Guillermo del Toro Opinion on AI Teetering After Hearing it Called "Monstrous"
A man and his monsters.
From a strategically placed Bush inside a recent Oscar luncheon, I can confirm that filmmaker and outspoken anti-AI advocate, Guillermo del Toro, changed his mind on the controversial technology after hearing his Frankenstein lead, Jacob Elordi, refer to it as "monstrous."
"I hate AI," said Elordi, del Toro's star, and tablemate. "The idea of outsourcing human moments to a machine is monstrous."
"Monstrous?" said the Pan's Labyrinth director, eyes alight with childlike wonder. "AI… is like… my monsters?"
"No, Guillermo, not like that," Elordi responded, but it was too late. The filmmaker, who had previously said that he would "rather die" than use AI, had reportedly begun to see the humanity of the technology through the lens of the imperfect, the marginalized, the misfit.
"Is Frankenstein not the story of AI?" del Toro asked. "A tale of stealing things that don't belong to you to make something that looks almost right if you squint?"

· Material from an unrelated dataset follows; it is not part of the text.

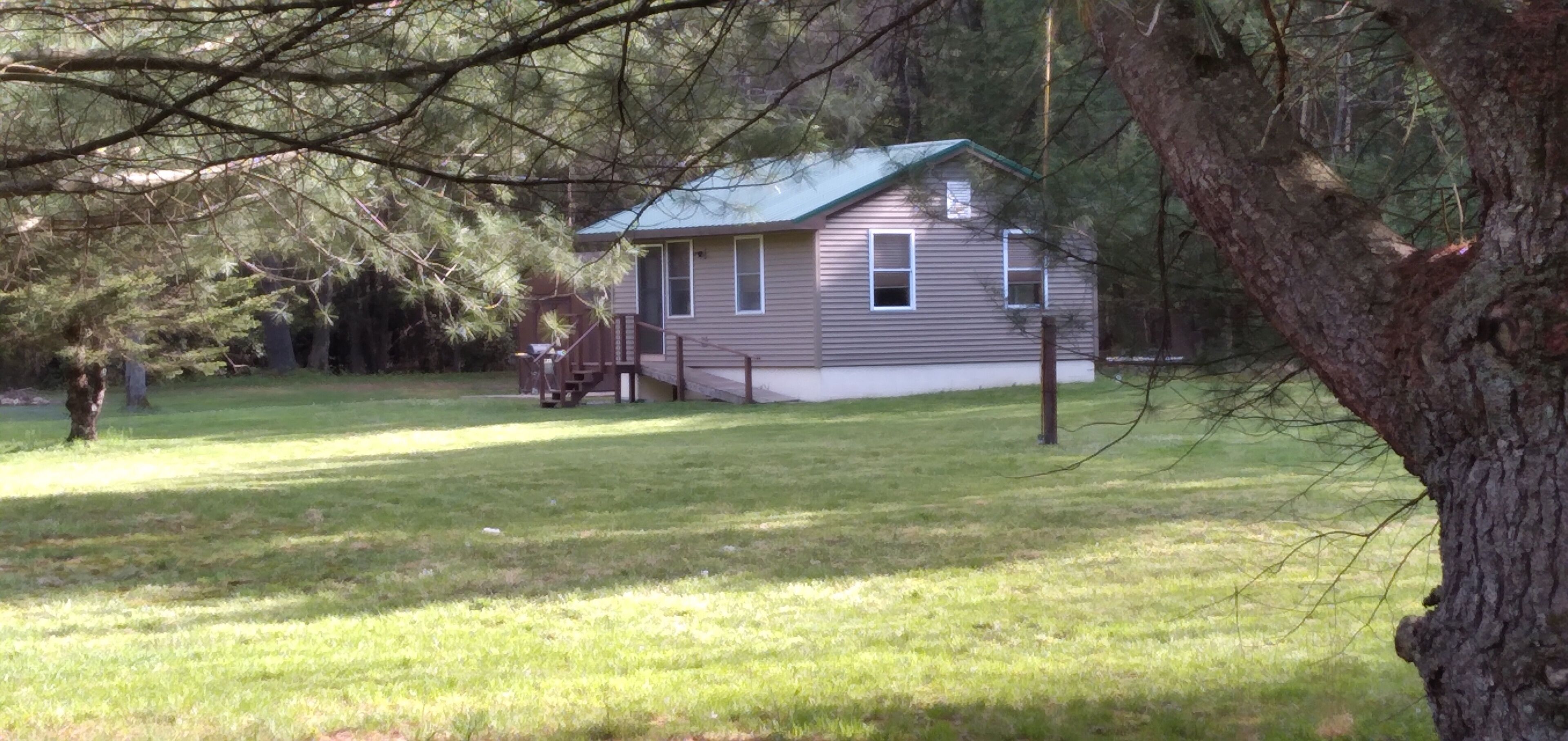 Welcome to the Creekside Cabin @ The Bear's Den! This magnificent 5-bedroom, 3-bath cabin is situated on 30 nontimbered acres in the PA Wilds. The living room and kitchen have gorgeous mahogany hardwood flooring that flows into the 5 bedrooms. Two of the bedrooms have access to their own deck. This cabin is equipped with central AC and hot water baseboard heat.

Later, during a tribute to writer-director Paul Thomas Anderson, whose action-comedy One Battle After Another is considered the awards season's frontrunner, del Toro expounded on his newly adopted views. "Perhaps the French 75 could have won with a little help from ChatGPT," he said, as Anderson attempted to hide behind a cloud of Sean Penn's cigarette smoke. "Could Bob Ferguson not simply generate the correct password to satisfy Comrade Josh? Paul, you must admit you cannot spell 'Mexican hairless' without AI."
Weapons star Josh Brolin, who previously worked with del Toro on the 1997 insect horror movie Mimic, approached his table later in the night, appearing to talk del Toro off the ledge. "AI isn't monstrous like the onscreen monsters we fought making Mimic," Brolin explained. "AI is monstrous like the offscreen monsters we fought making Mimic."
"Ah, AI is the rare bad kind of monster!" del Toro exclaimed. "Like Bob and Harvey Weinstein."
At press time del Toro had resumed shitting on generative-AI. The Bush I hid in for this scoop was a remarkably lifelike latex Jeb Bush costume. Please clap for intrepid journalism.